Storing & accessing up to 10 million files in Linux

14.2k views Asked by At

I'm writing an app that needs to store lots of files up to approx 10 million.

They are presently named with a UUID and are going to be around 4MB each but always the same size. Reading and writing from/to these files will always be sequential.

2 main questions I am seeking answers for:

1) Which filesystem would be best for this. XFS or ext4? 2) Would it be necessary to store the files beneath subdirectories in order to reduce the numbers of files within a single directory?

For question 2, I note that people have attempted to discover the XFS limit for number of files you can store in a single directory and haven't found the limit which exceeds millions. They noted no performance problems. What about under ext4?

Googling around with people doing similar things, some people suggested storing the inode number as a link to the file instead of the filename for performance (this is in a database index. which I'm also using). However, I don't see a usable API for opening the file by inode number. That seemed to be more of a suggestion for improving performance under ext3 which I am not intending to use by the way.

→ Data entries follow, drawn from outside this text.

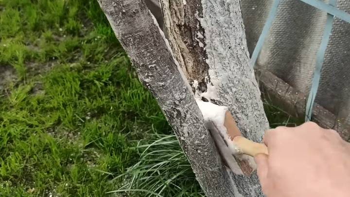 С настоявшимся раствором консистенции густой сметаны легко работать! Нанесите его на ствол дерева кистью, начиная снизу.
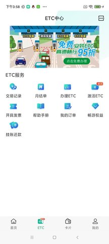 【ETC】提供ETC设备在线申请、自助安装激活一站式服务,支持储值卡欠款在线偿还和差旅费查询,省去线下办理的繁琐流程。
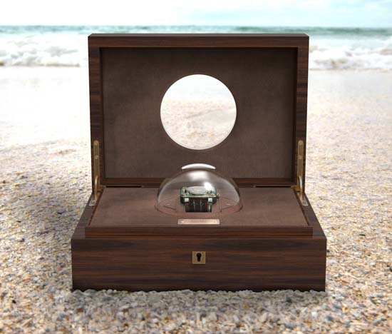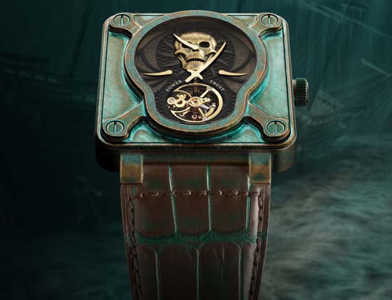 Parisian brand Bell & Ross has created for Only Watch 2015, a one-of-a-kind BR 01 Skull Bronze Tourbillon watch. Housed in 46 mm square case in aged bronze, the dial features a skull in hand-engraved solid gold; It is powered by the caliber BR-281, a mechanical movement with a tourbillon, regulator-style time indication, 5-day power reserve, and accuracy indicator functions. Presented in a wood chest, the Bell & Ross BR 01 Skull Bronze Tourbillon will be sold during the Only 2015 charity auction, with all funds raised benefiting research for Duchenne Muscular Dystrophy.
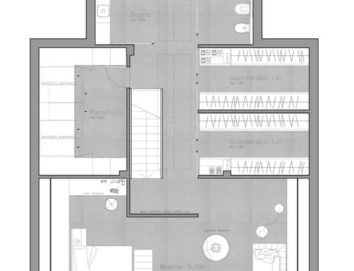 Abbiamo recentemente acquisito questo grande loft su 3 piani, di 270m2 circa. Il progetto in questione riguarda la nostra camera al secondo piano.
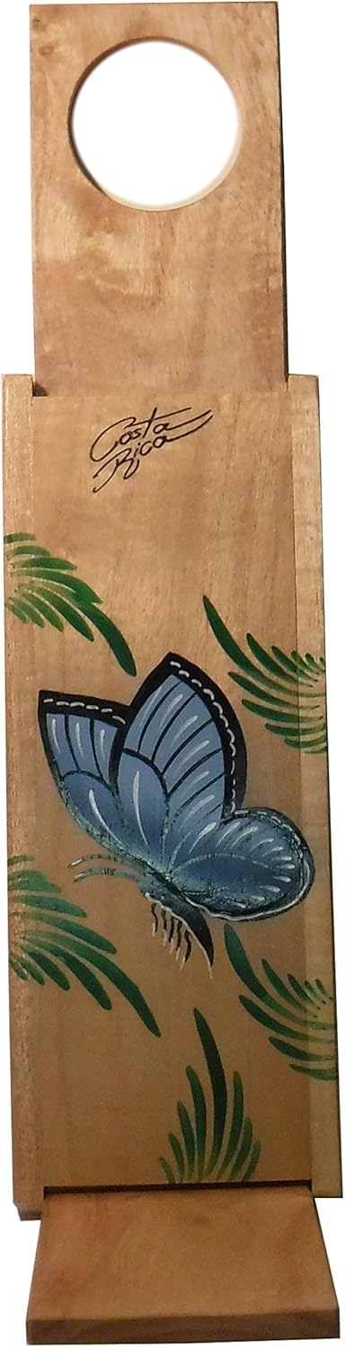 Chorreador,Costa Rican Handmade Portable Foldable Wooden Stand Coffee Maker,Included:1 Large Reusable Cloth Filter(Bolsa De Chorrear Cafe),Model:Blue Morpho Butterfly, Color:Light, Wood: Gmelina

What are the ext4 and XFS limits? What performance benefits are there from one over the other and could you see a reason to use ext4 over XFS in my case?

2

There are 2 answers

6
Zan Lynx On BEST ANSWER

You should definitely store the files in subdirectories.

EXT4 and XFS both use efficient lookup methods for file names, but if you ever need to run tools over the directories such as ls or find you will be very glad to have the files in manageable chunks of 1,000 - 10,000 files.

The inode number thing is to improve the sequential access performance of the EXT filesystems. The metadata is stored in inodes and if you access these inodes out of order then the metadata accesses are randomized. By reading your files in inode order you make the metadata access sequential too.

5
MarkR On

Modern filesystems will let you store 10 million files all in the same directory if you like. But tools (ls and its friends) will not work well.

I'd recommend putting a single level of directories, a fixed number, perhaps 1,000 directories, and putting the files in there (10,000 files is tolerable to the shell, and "ls").

I've seen systems which create many levels of directories, this is truly unnecessary and increases inode consumption and makes traversal slower.

10M files should not really be a problem either, unless you need to do bulk operations on them.

I expect you will need to prune old files, but something like "tmpwatch" will probably work just fine with 10M files.